AP Calculus
What is AP Calculus?
AP Calculus comes in two flavors. AB is roughly equivalent to a one-semester college Calculus I course and covers limits, continuity, derivatives, applications of derivatives, integrals, and the fundamental theorem of calculus. BC covers all of AB plus a second semester of material: integration techniques, parametric and polar functions, vectors, and infinite series. Both end in a three-hour AP exam in May with multiple choice and free response sections.
This is almost always a 12th-grade course, taken after precalculus. Students aiming for engineering, physics, computer science, or competitive STEM programs usually take BC; AB is plenty for most other paths. A 4 or 5 on the exam typically earns college credit, though policies vary by school. The course is graded as honors weight at most high schools, which matters for GPA-conscious families.
How to Learn AP Calculus
The conceptual leap in calculus is the limit — the idea that you can talk meaningfully about what a function approaches without it ever actually getting there. Most students stumble not on that idea itself but on the algebra and trig underneath it. If a kid can't factor quickly or doesn't know sin(π/3) without thinking, they will spend calculus drowning in setup work and never get to the calculus part.

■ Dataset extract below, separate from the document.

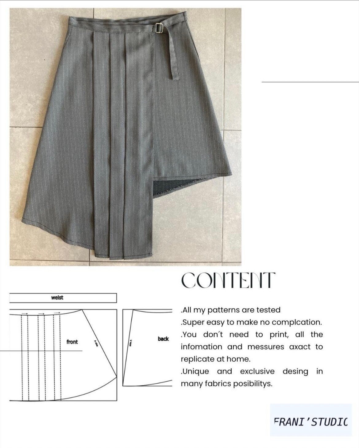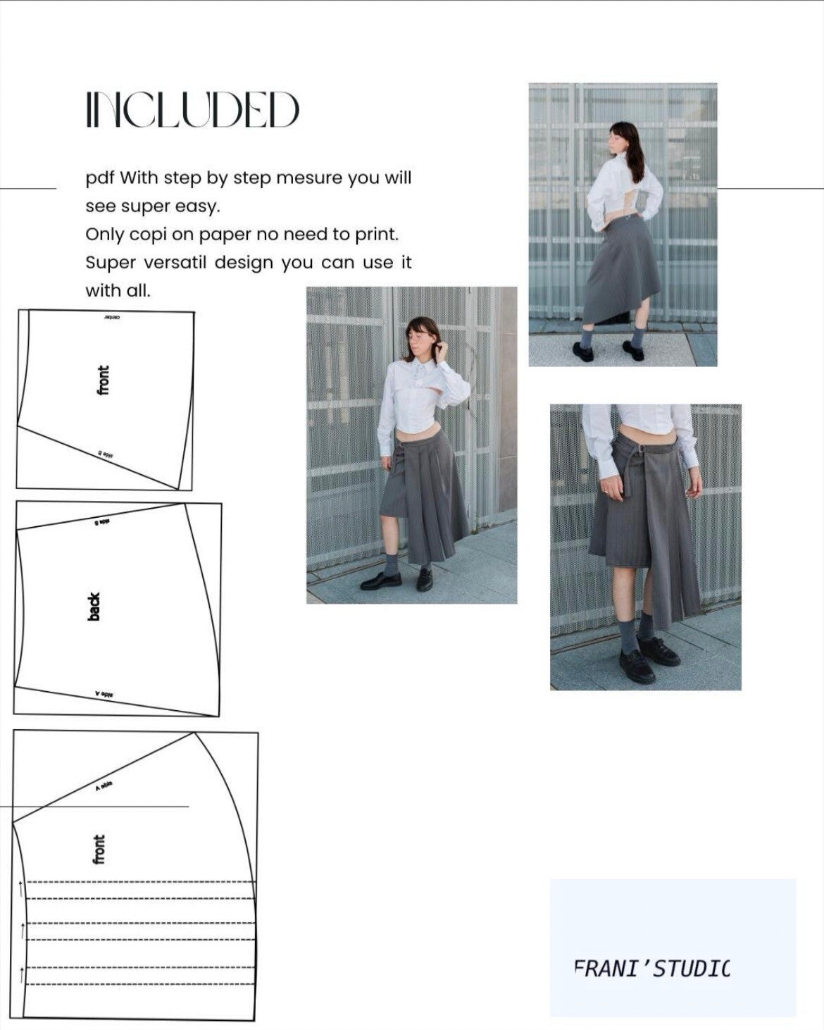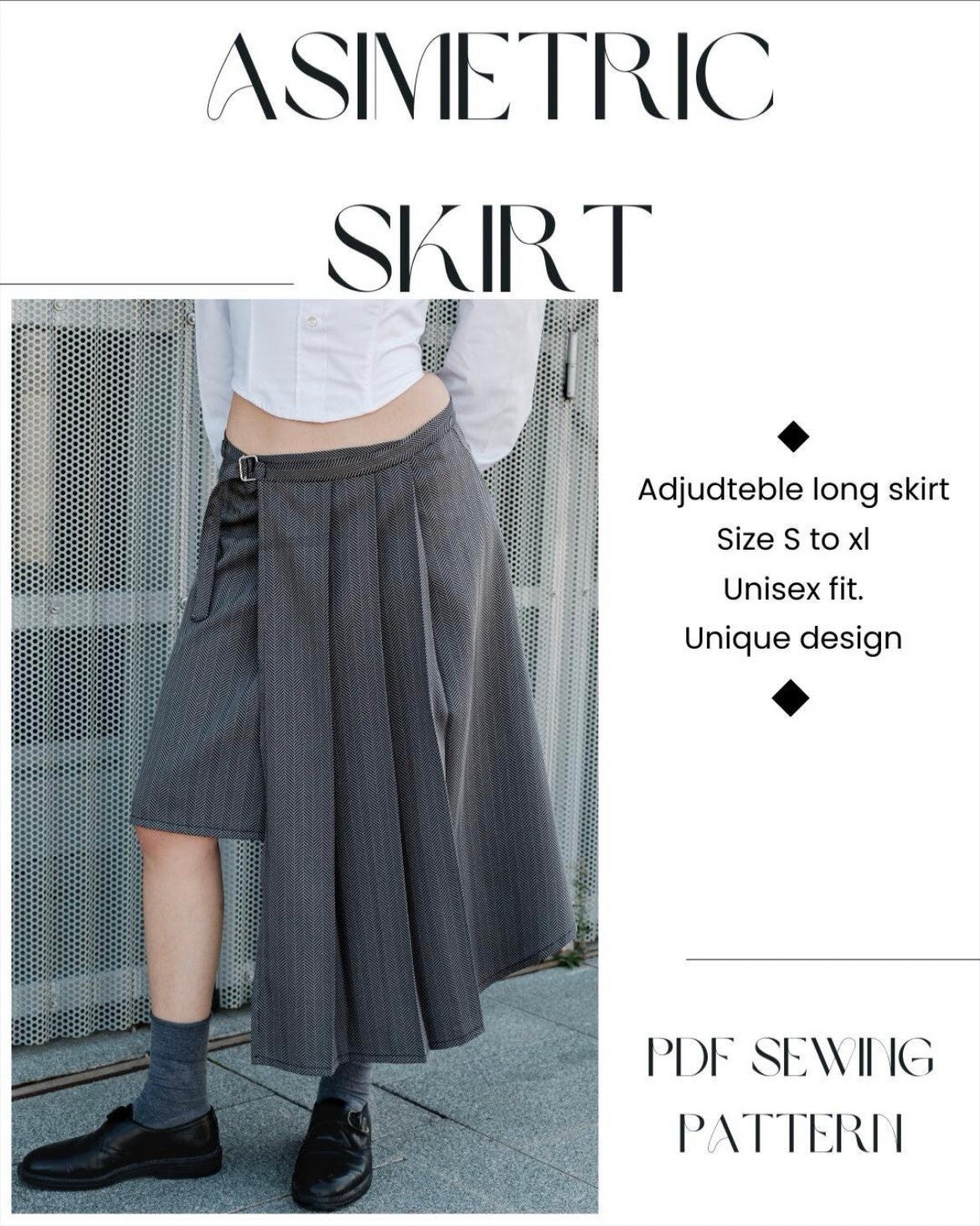 This is a digital sewing pattern (PDF) for creating a unique asymmetrical pleated skirt. One side is longer, flowing with elegant movement, while the other side is shorter, creating a bold and modern silhouette. The skirt features soft pleats and a comfortable waistband, making it both stylish and wearable.

For self-study or supplementing a class, the standard stack is: a textbook (Stewart or Larson), video lectures (Professor Leonard for depth, Organic Chemistry Tutor for quick problem walkthroughs), and a prep book in the spring (Princeton Review or Barron's). Have your student do timed past free-response questions starting in March; the College Board posts decades of them free. Scoring their own work against the rubrics is the single best preparation for the actual exam.